Each cell divides into two daughter cells, both of which divide again, and so on. Each generation multiplies the population by 2. Plotted on a log scale, exponential growth is a straight line — which is how lab cultures get monitored.
r is the continuous growth rate constant (per unit time); Td is the discrete doubling interval. They are linked by r = ln(2)/Td. An r of 2.08 per hour equals a 20-min doubling time. Both describe the same exponential — different mathematical conveniences.
Typically 4–8 hours from inoculum, before nutrients deplete or waste accumulates. Continuous cultures (chemostats) maintain exponential growth indefinitely by adding fresh medium and removing waste at a controlled dilution rate.

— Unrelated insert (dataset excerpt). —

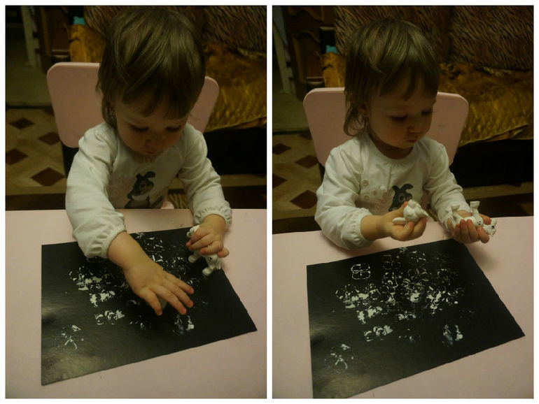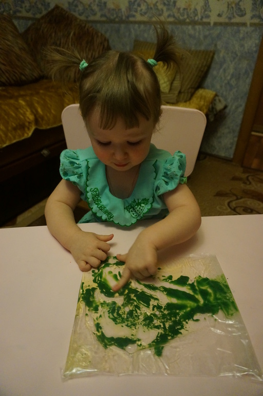 - и в завершении перед дневным сном, мы поиграли "в новую игру" (так ее София назвала) - пакет с краской. Очень понравилась идея. Обязательно повторю ее с несколькими цветами:

Below-optimum temperature, low pH, low water activity (aw), low oxygen for aerobes (or any oxygen for strict anaerobes), antimicrobial compounds, lack of nutrients, and accumulation of metabolic waste. Refrigeration uses several of these at once — cold plus low aw in dry foods.
USDA's 2-hour rule says perishable food must not sit between 40 °F and 140 °F (4–60 °C) for more than 2 hours total. Starting from a low contaminating dose, pathogens like Salmonella can multiply 1,000-fold in those 2 hours, easily crossing the infectious dose threshold.
It gives a first approximation but real environments deviate. Food matrices have heterogeneous nutrients, soil has competition and predation, and wounds involve immune response. Use the model for ballpark risk; use measured Td in the actual matrix for tight predictions.